# Exercise brief
From the data that follows, set down exactly the lines from the one with "Auroral intensity index" through the one with "Alvaro de Soto", counting both. Pictures stay out.

* * * * * * * * *

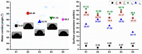 where θ stands for the experimentally obtained contact angle values, and represent the surface free energy of solid/liquid in equilibrium with the saturated vapor of the liquid, is the interfacial free energy of solid to liquid, and are the polar components of the surface free energy, and and are the dispersive components of the surface free energy. Surface parameters were obtained using Milli-Q water (Millipore, ≥18.2 MΩ cm) and diiodomethane as wetting liquids, since the most trustworthy results require data from a polar–non-polar liquid pair [56]). The values are plotted in Figure 9.
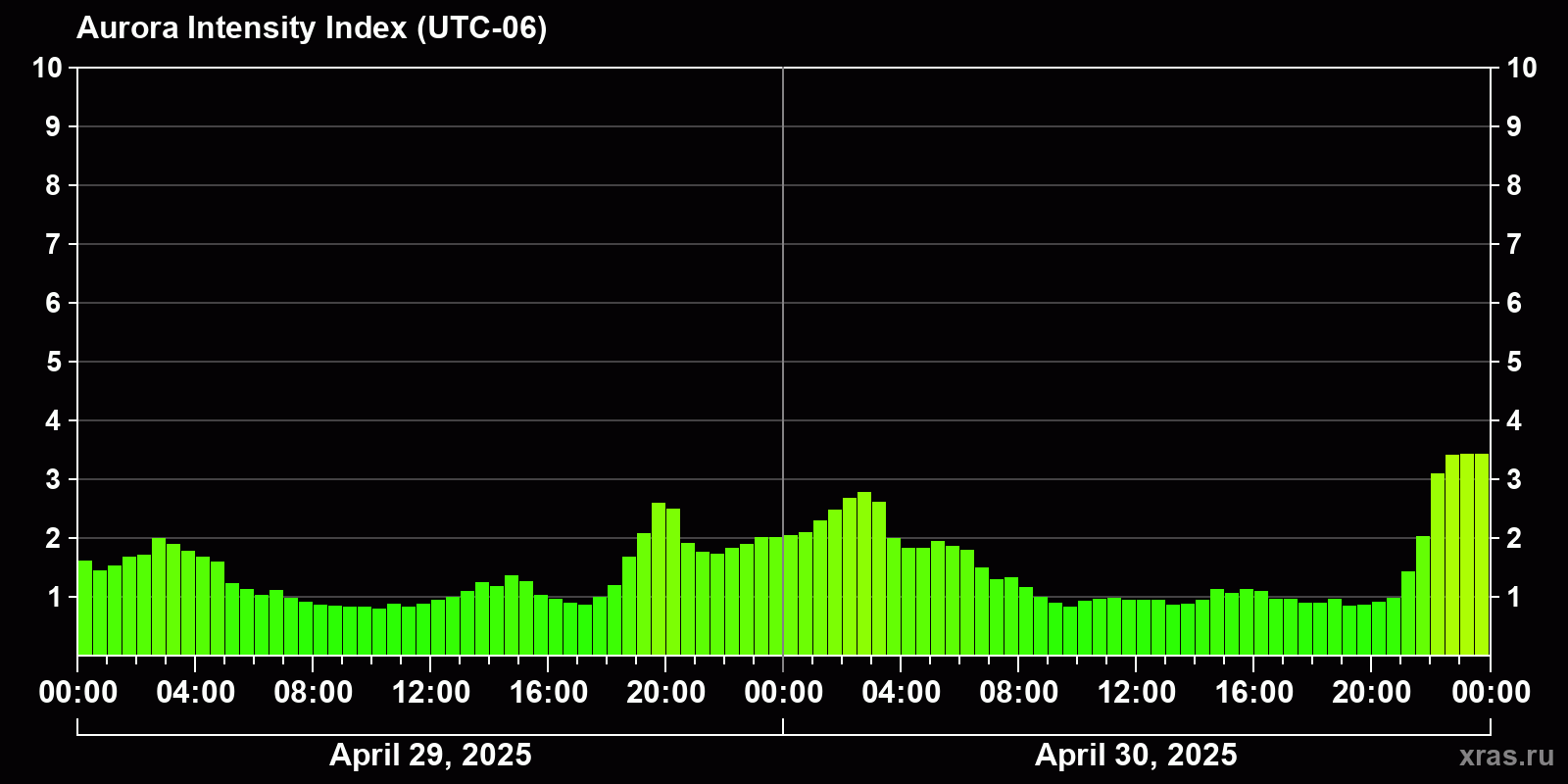 Auroral intensity index and the theoretically possible latitude of observations for nighttime in the Western Hemisphere as of 2025-04-30 23:54 (end of day) local time
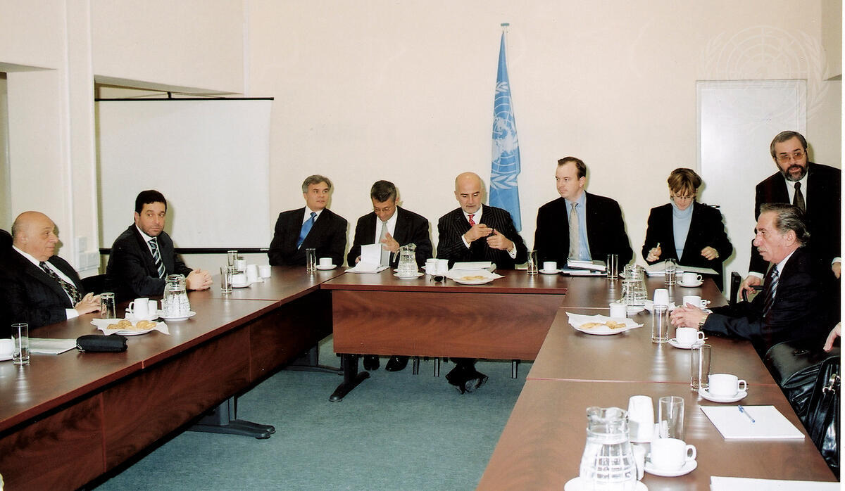 Alvaro de Soto (centre), Special Adviser of the Secretary-General on Cyprus, Tassos Papadopoulos (far right, seated), Greek Cypriot Leader, and Rauf Denktash (far left), Turkish Cypriot Leader, at the meeting.
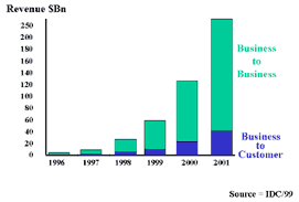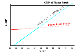 Views Money, Chips & Bits Prologue "Heavier-than-air flying machines are impossible" "(Television) won't be able to hold on to any market it captures after the first six months. People will soon get tired of staring at a plywood box every night" "I think there is a world market for maybe five computers" "There is no reason for any individual to have a computer in their home" "640K ought to be enough for anybody." During the industrial revolution railways wiped out barges and canals, the car wiped out the train, and aircraft sank the big liners sailing the North Atlantic. But more significantly, electronics, thermionic tubes, transistors, integrated circuits, satellites and optical fibre arrived to give us telephones, radio, TV, computers and networks of incredible performance, and all unimaginable only 50 years ago. Moreover, these are all at a cost that everyone can afford, and they have totally transformed our business and social lives in less than one human generation. We have seen the systematic destruction of old industries by the arrival of the new over millennia. And today we look into our crystal ball and try to gauge and predict the implications of the information revolution. Without doubt the internet looks set to be the biggest paradigm buster we have ever seen. It is touching and changing everything we do, whilst enabling a new and vigorous economy of bits. In this world entire economic sectors and industries are being destroyed or radically transformed in just a few years. In some cases the changes being enacted are so radical, we might ask; is this the end of the old financial world, its institutions, and even money? The Plot ![]() Fig 1. Internet Hosts - Log Scale ![]() Fig 2. Internet Hosts - Linear Scale Bits & Chaos For telecommunications networks coffee is now just one of many strange attractors. At a large conference no one is using a mobile phone during the proceedings, they are listening to the speakers, until coffee arrives at 10.15 that is. Within minutes over 100 mobile phones are out and people trying to make calls. Not surprising then that the cellular phone site falls over and people are disappointed. A few weeks ago a ladder fell of the back of a builders truck onto the fast lane of the M25. Every vehicle that swerved to miss the ladder tried to call 999, and the emergency service was disabled for over an hour until the ladder was removed. Plane and train cancellations, traffic jams and budget changes to the price of petrol all constitute very new strange attractors. Similar crowding and swarming behaviours are also visible at ATMs, banks, and stores when the sales start. The internet seems to have an infinity of strange attractors that promote chaotic action on a huge scale. Within minutes of the latest Star Wars Movie site going live it was receiving thousands of hits per hour. For weeks it was completely log jammed, and so were or all the arterial routes leading to it. Let us put some dimensions to all this. The old telephone network was engineered to cope with you and I making an average of 3 telephone calls every day of 3 minutes duration. The aggregation of millions of phone lines saw a peak-to-mean traffic ratio of around 3 - 4. On the internet things are far more volatile with reported peak-to-mean ratios of over 1000. Fig 3 gives a sample of activity at one ![]() Fig 3. Net Visitors Come in Packs Adam Smith got IT Wrong The Bit Economy ![]() Fig 4. Internet Growth Eclipses the Telephone Network and the GDP? Selling More ![]() Fig 5. USA E.commerce Revenues Gross Bit Product 'For investors it is the consummate measure of economic activity because it dictates how investments will perform. The stock market likes to see healthy economic growth because that translates to higher corporate profits. The bond market doesn't mind growth but is extremely sensitive to the economy growing too quickly and paving the road to inflation. By tracking the GDP, investors will know what the economic backdrop is to their portfolios'. This seems to be based more on doctrine than any practical basis. The definition of GDP is delightfully varied, but broadly falls inside the following envelope; 'A measure of the total production and consumption of goods and services - the market value for all final goods and services produced within a nation in a given time period. Intermediate goods such as plastic, glass, wood, cotton, etc are not counted since they are not in their final state. Including only final goods and services prevents double counting and avoids a GDP overstatement. Final goods include household purchases since these items are not used to produce other goods and services. GDP consists of four key components: Consumption (C), Investment (I), Government (G), Net Exports (NE)'. So the: From any system design stand-point it is hard to see how the economy of our planet could be accurately defined, or be even remotely indicated, by a single one-line linear equation. Where are the black, grey and bit economies in all of this? For sure they are very real and very significant, and in the case of the grey and bits, growing very fast. From a practical standpoint it seems that the GDP should be principally defined and measured in terms of some entropic measure related to the transformation of materials and bits. Their actual and final place, method, and mode of consumption may turn out to be a secondary effect in the overall rating. The accepted definition and formula above (1) seem to fall far short of the mark, and I suspect that the true GDP is actually tracing some exponential curve like Moore's Law for chip development and performance. If this is the case economists can expect some serious repercussions from sticking with an 18th Century perspective and not embracing the Gross Bit Product. One day they may find their world has gone, along with the significant tax revenues it generates. If so, it will have been replaced by a bit economy growing at an exponential rate. ![](
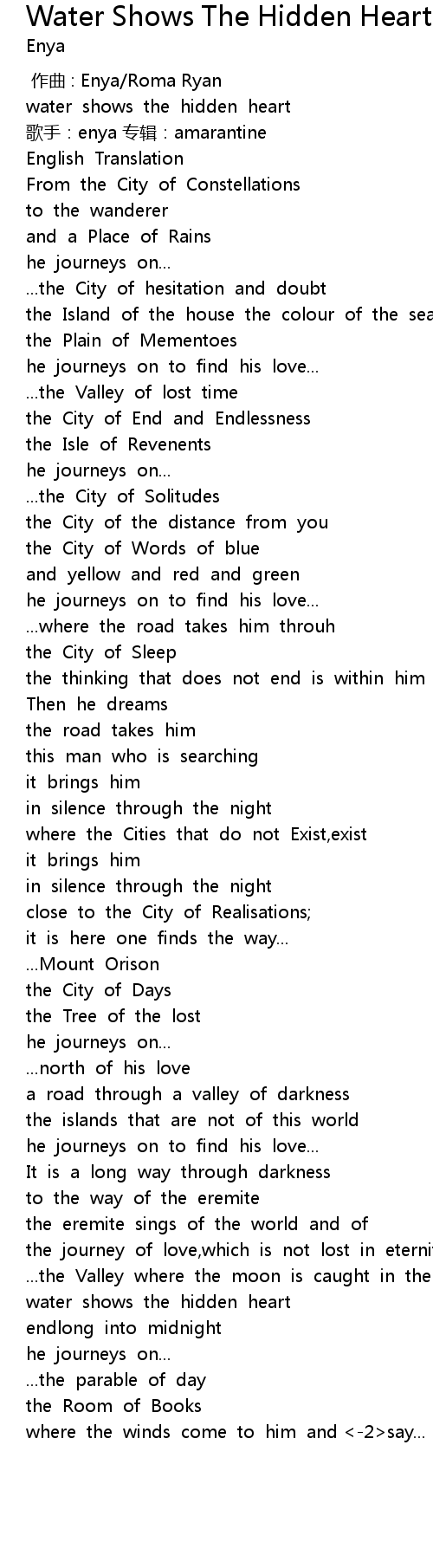 | [04:30.56] | water shows the hidden heart |

* * * * * * * * *

# Task answer
 Auroral intensity index and the theoretically possible latitude of observations for nighttime in the Western Hemisphere as of 2025-04-30 23:54 (end of day) local time
 Alvaro de Soto (centre), Special Adviser of the Secretary-General on Cyprus, Tassos Papadopoulos (far right, seated), Greek Cypriot Leader, and Rauf Denktash (far left), Turkish Cypriot Leader, at the meeting.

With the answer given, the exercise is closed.